PROVIDED DATA START

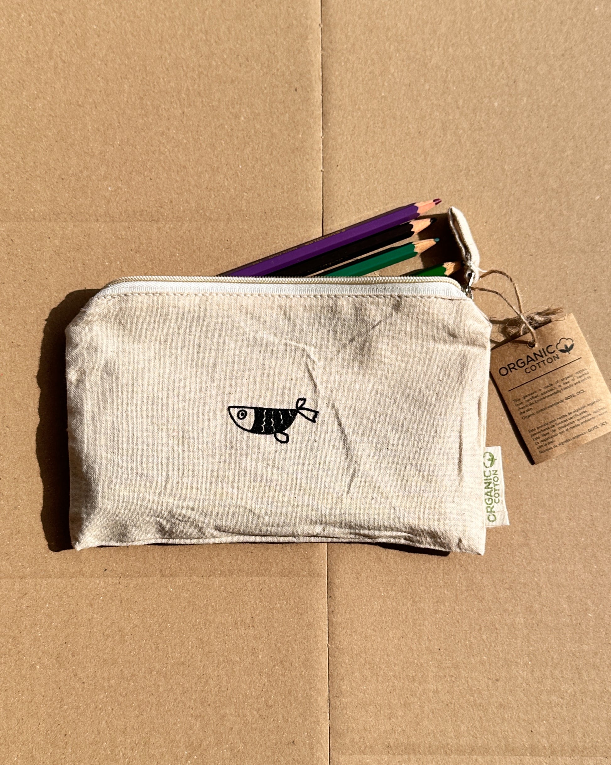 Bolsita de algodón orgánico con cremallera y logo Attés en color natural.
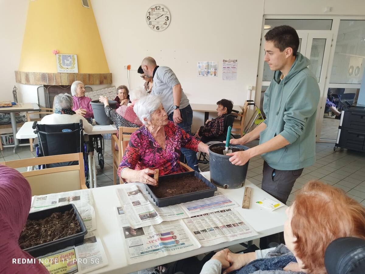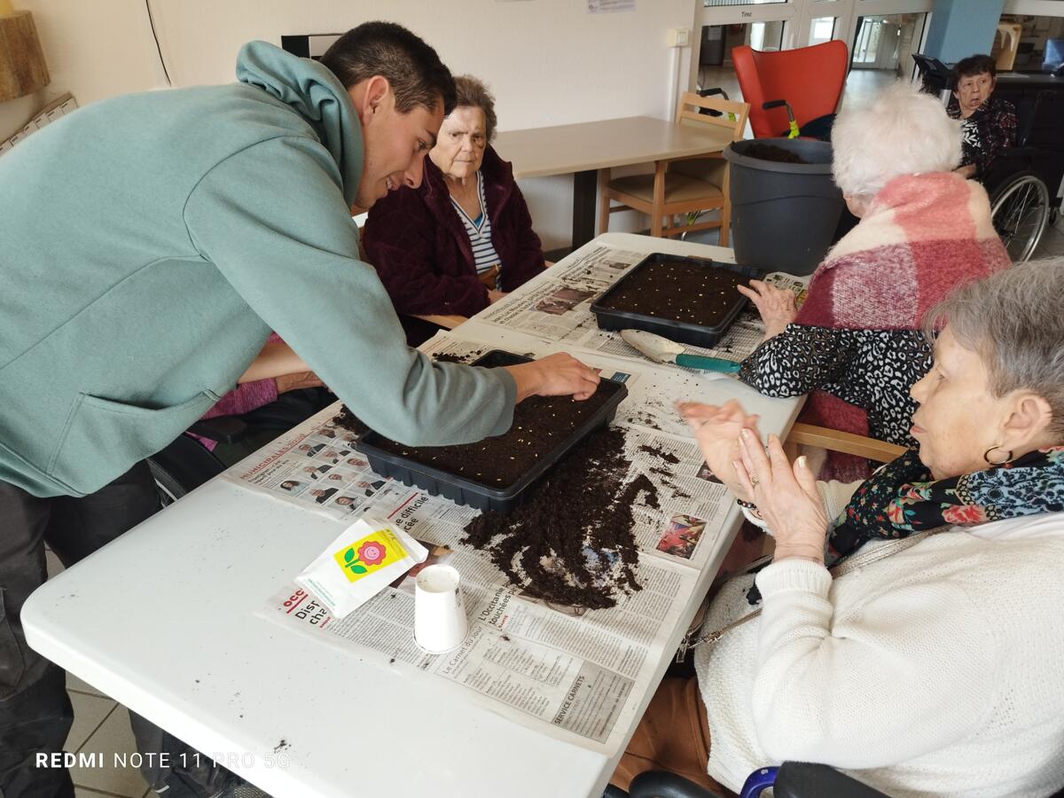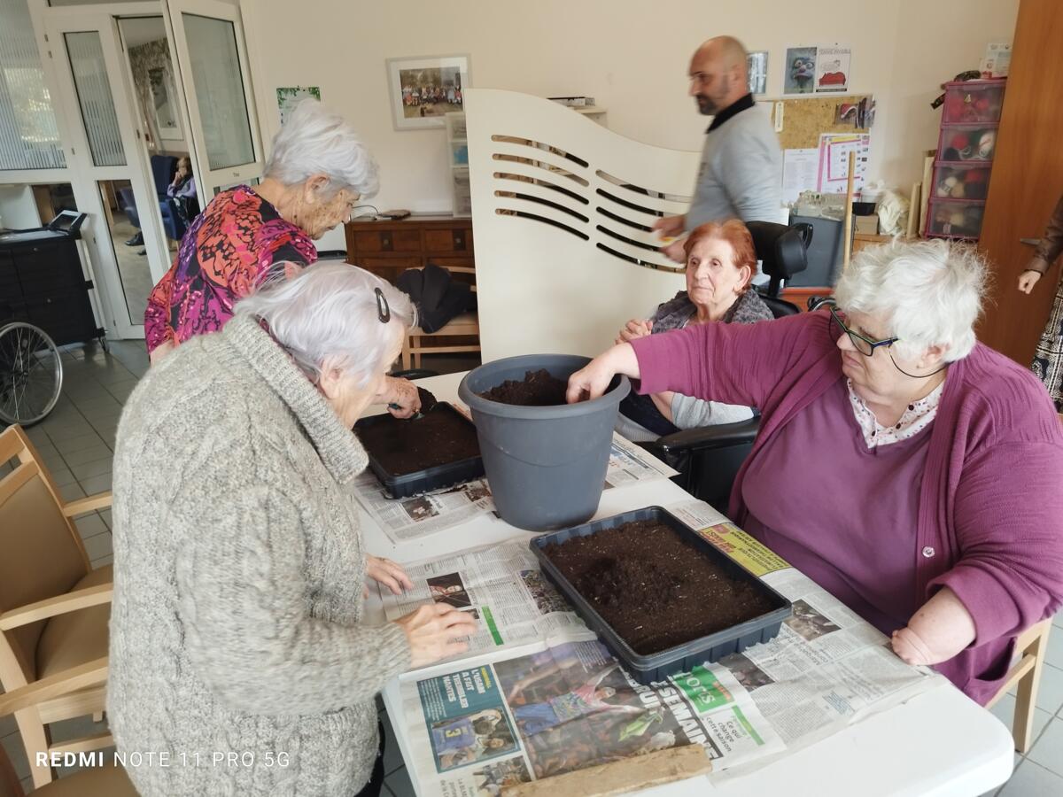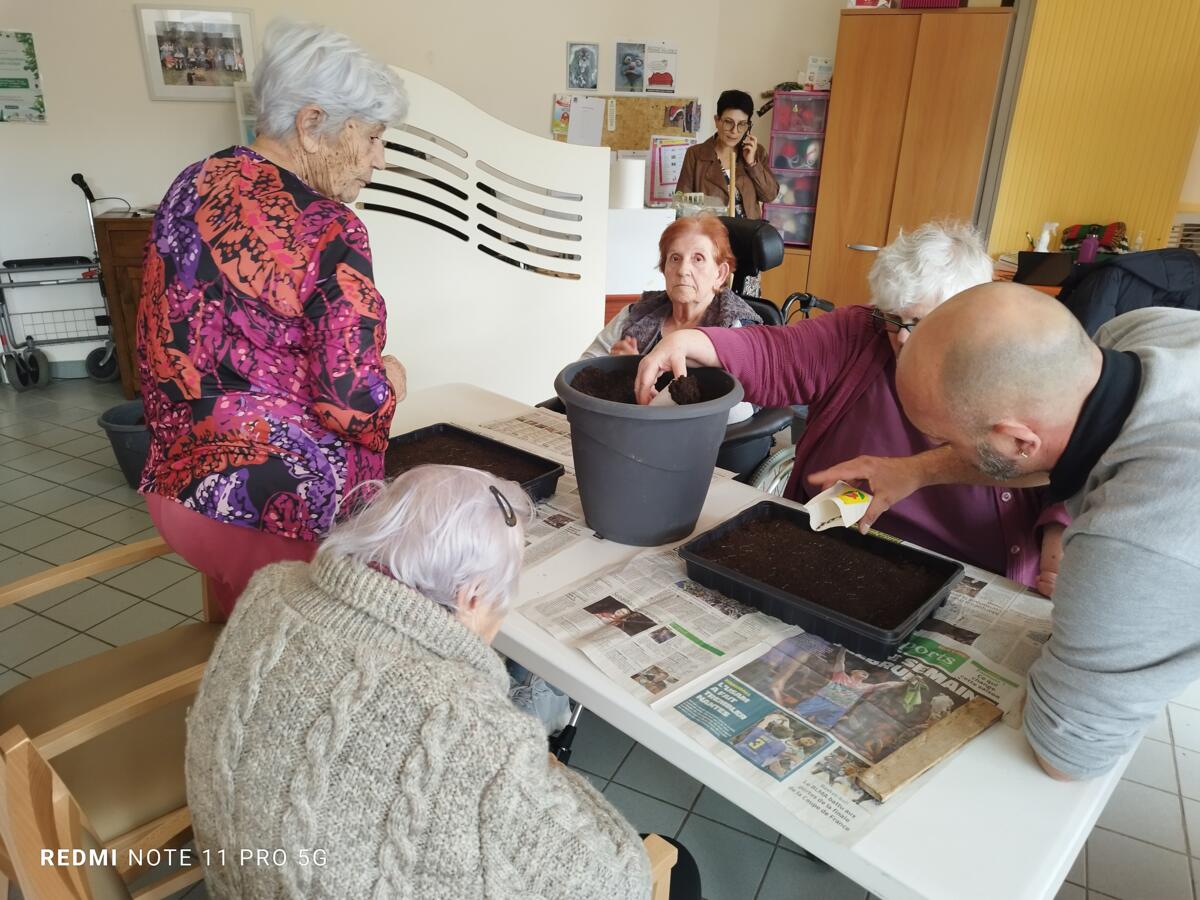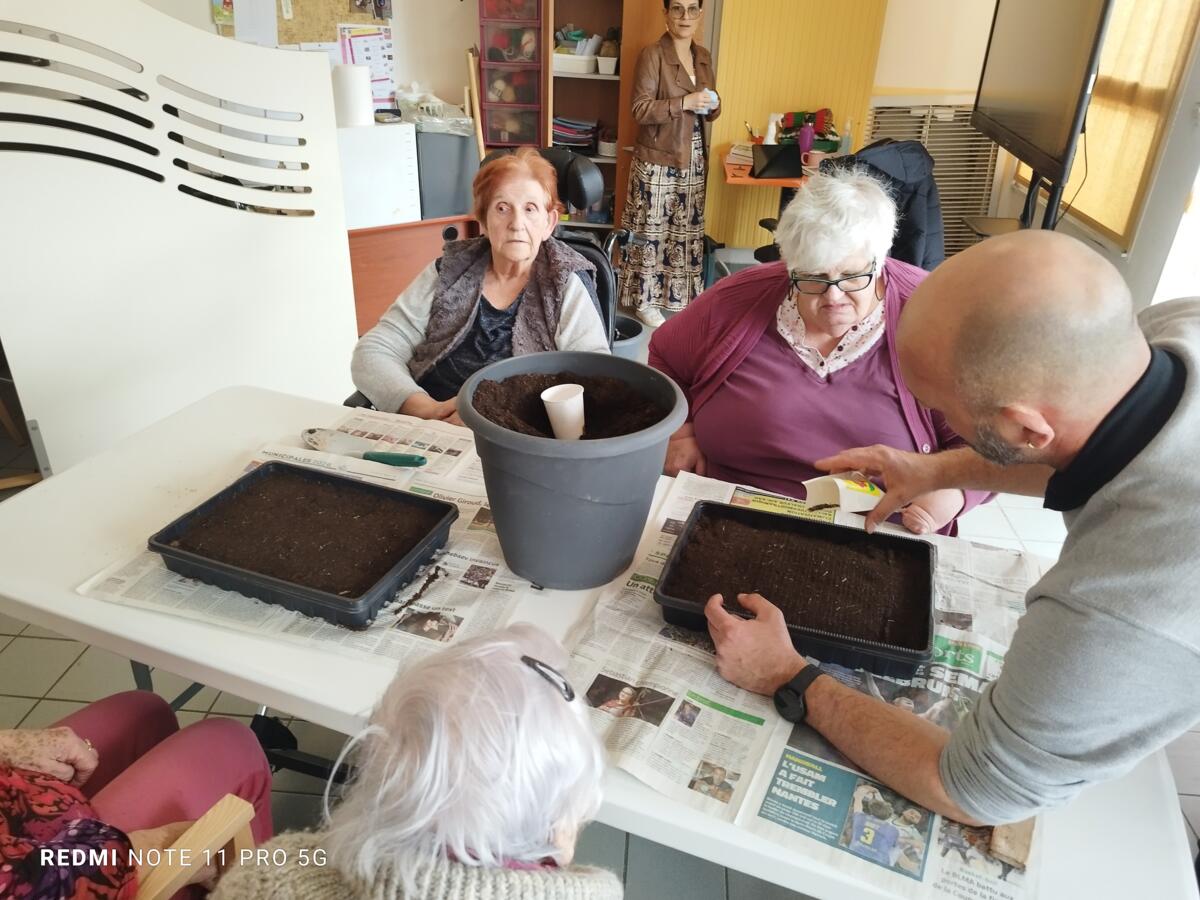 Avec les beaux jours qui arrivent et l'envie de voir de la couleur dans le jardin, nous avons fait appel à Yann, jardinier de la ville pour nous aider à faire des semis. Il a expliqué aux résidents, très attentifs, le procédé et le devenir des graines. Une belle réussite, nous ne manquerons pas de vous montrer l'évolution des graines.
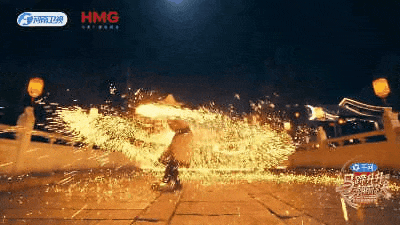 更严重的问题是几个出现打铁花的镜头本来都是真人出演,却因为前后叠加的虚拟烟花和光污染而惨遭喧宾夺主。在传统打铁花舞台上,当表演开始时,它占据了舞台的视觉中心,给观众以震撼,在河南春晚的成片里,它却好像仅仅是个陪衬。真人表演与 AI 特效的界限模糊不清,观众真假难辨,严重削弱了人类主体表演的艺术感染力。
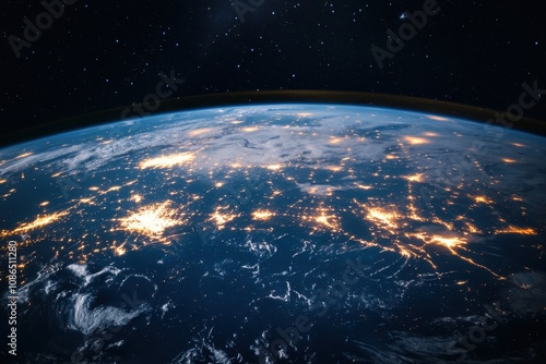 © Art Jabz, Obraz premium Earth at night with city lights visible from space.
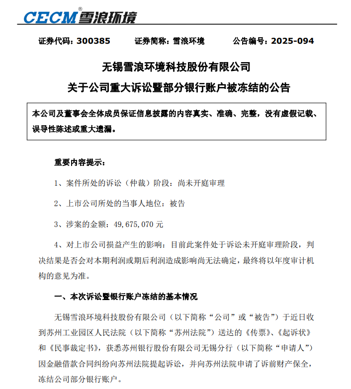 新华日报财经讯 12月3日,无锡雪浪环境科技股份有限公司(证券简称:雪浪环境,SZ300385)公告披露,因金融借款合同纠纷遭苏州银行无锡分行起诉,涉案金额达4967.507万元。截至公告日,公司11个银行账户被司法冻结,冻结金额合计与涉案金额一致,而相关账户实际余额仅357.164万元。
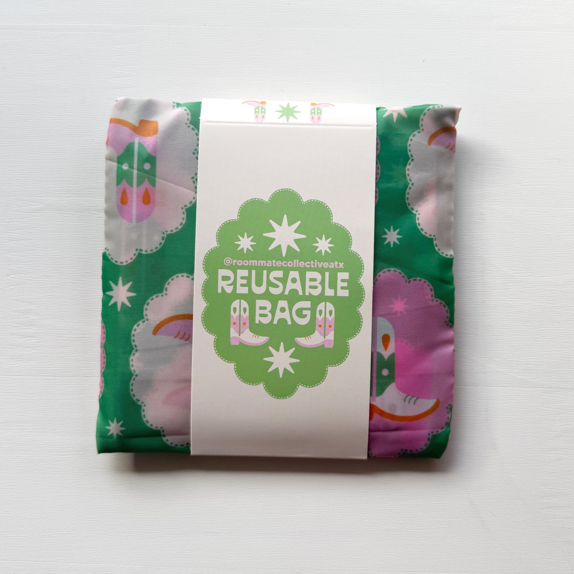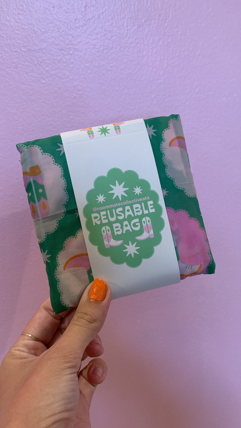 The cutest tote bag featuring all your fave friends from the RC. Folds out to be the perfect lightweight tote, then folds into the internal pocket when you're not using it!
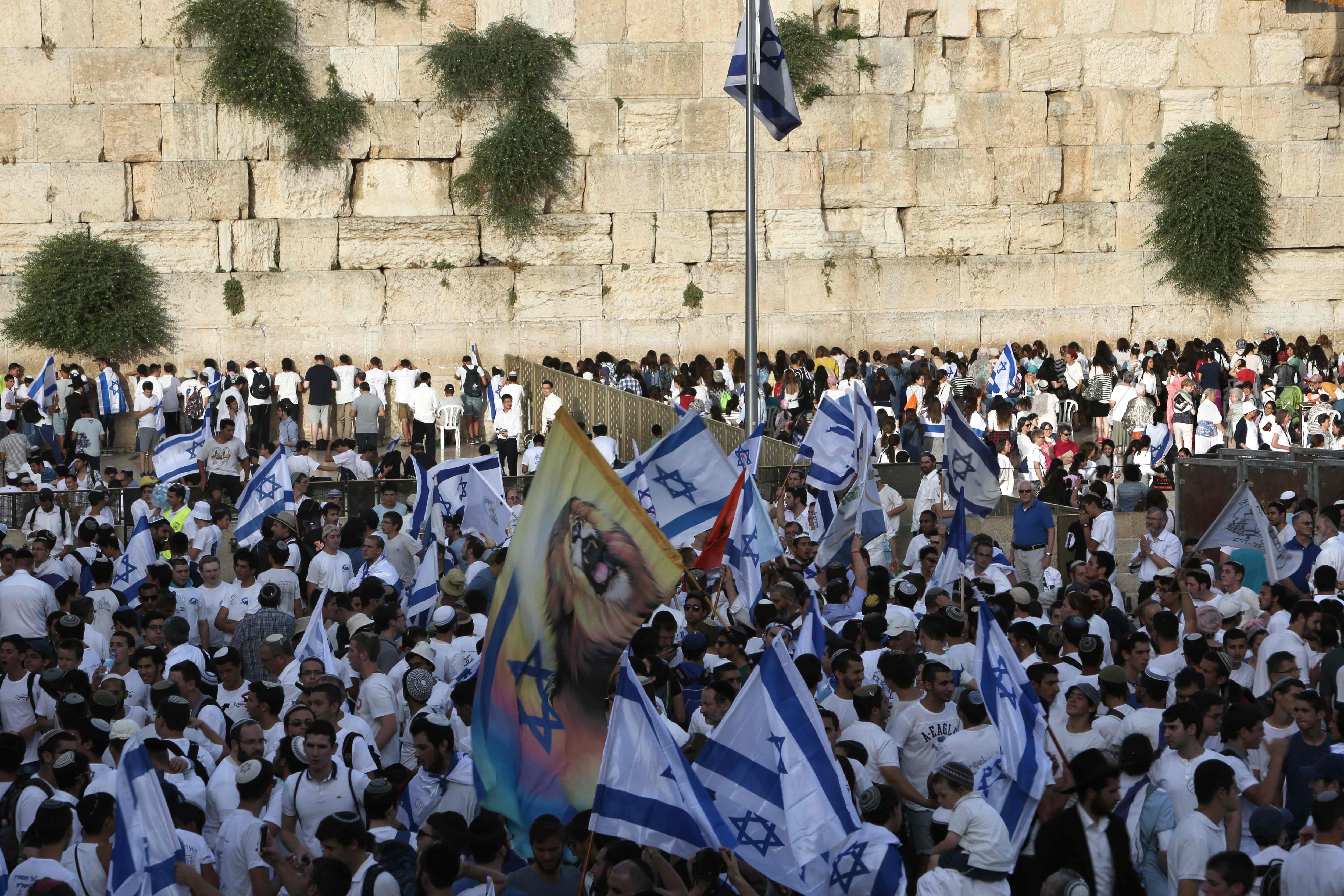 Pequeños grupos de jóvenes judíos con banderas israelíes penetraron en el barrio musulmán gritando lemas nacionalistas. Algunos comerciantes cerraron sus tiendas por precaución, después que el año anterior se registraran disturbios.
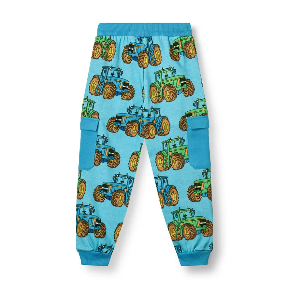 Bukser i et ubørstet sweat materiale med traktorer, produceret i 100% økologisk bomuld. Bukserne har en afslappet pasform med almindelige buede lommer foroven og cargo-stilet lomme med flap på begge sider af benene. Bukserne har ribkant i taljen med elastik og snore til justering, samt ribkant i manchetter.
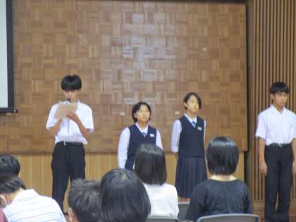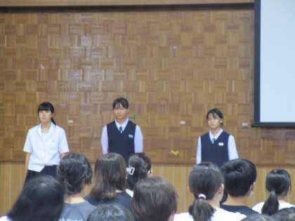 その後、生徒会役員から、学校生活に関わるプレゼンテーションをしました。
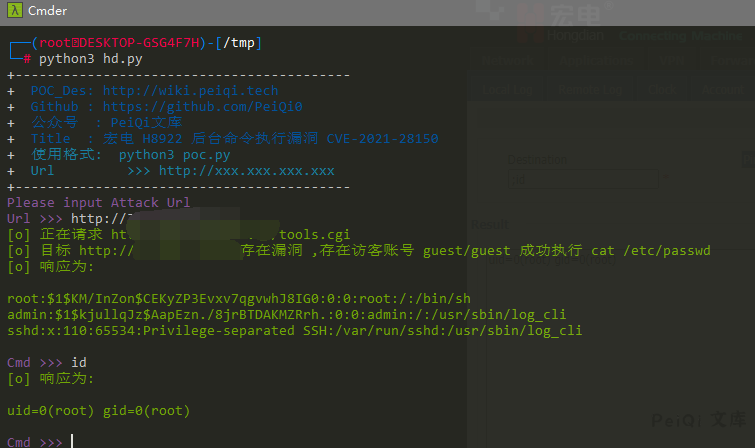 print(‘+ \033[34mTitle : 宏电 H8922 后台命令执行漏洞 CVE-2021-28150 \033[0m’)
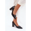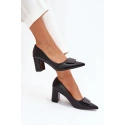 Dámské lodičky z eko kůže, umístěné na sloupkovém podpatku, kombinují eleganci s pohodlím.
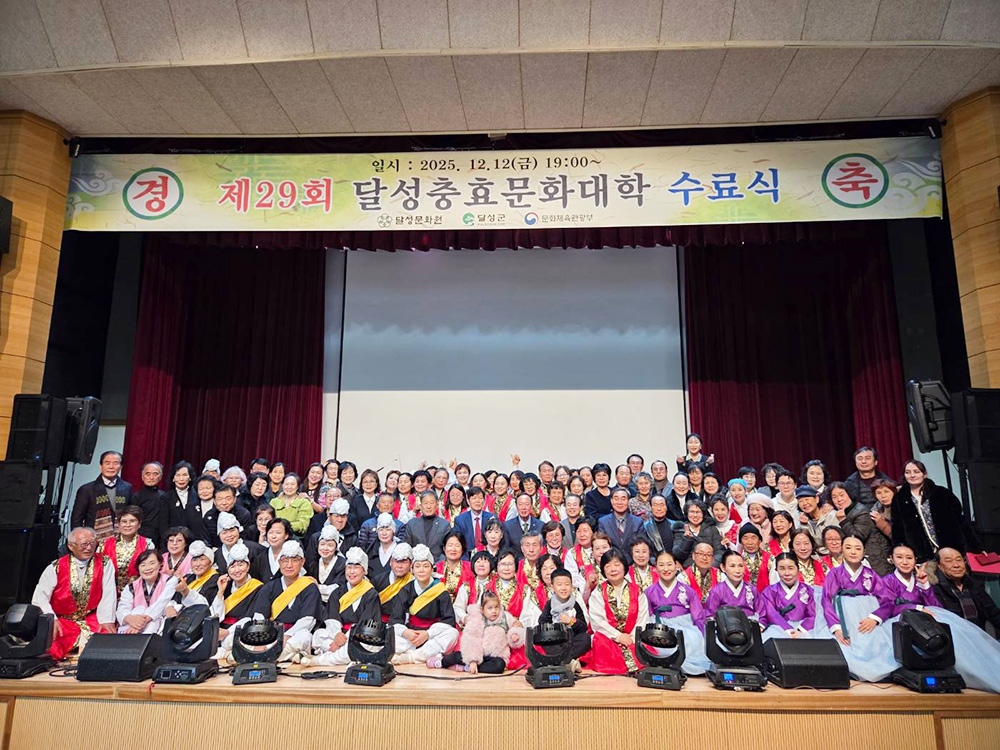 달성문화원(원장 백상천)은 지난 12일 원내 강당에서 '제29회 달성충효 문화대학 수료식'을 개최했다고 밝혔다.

PROVIDED DATA END

* WHAT YOU ARE ASKED TO DO
From the opening line of the entries above to the line that holds "The cutest tote", inclusive, reproduce each line exactly and omit any picture.

* YOUR SOLUTION
 Bolsita de algodón orgánico con cremallera y logo Attés en color natural.
 Avec les beaux jours qui arrivent et l'envie de voir de la couleur dans le jardin, nous avons fait appel à Yann, jardinier de la ville pour nous aider à faire des semis. Il a expliqué aux résidents, très attentifs, le procédé et le devenir des graines. Une belle réussite, nous ne manquerons pas de vous montrer l'évolution des graines.
 更严重的问题是几个出现打铁花的镜头本来都是真人出演,却因为前后叠加的虚拟烟花和光污染而惨遭喧宾夺主。在传统打铁花舞台上,当表演开始时,它占据了舞台的视觉中心,给观众以震撼,在河南春晚的成片里,它却好像仅仅是个陪衬。真人表演与 AI 特效的界限模糊不清,观众真假难辨,严重削弱了人类主体表演的艺术感染力。
 © Art Jabz, Obraz premium Earth at night with city lights visible from space.
 新华日报财经讯 12月3日,无锡雪浪环境科技股份有限公司(证券简称:雪浪环境,SZ300385)公告披露,因金融借款合同纠纷遭苏州银行无锡分行起诉,涉案金额达4967.507万元。截至公告日,公司11个银行账户被司法冻结,冻结金额合计与涉案金额一致,而相关账户实际余额仅357.164万元。
 The cutest tote bag featuring all your fave friends from the RC. Folds out to be the perfect lightweight tote, then folds into the internal pocket when you're not using it!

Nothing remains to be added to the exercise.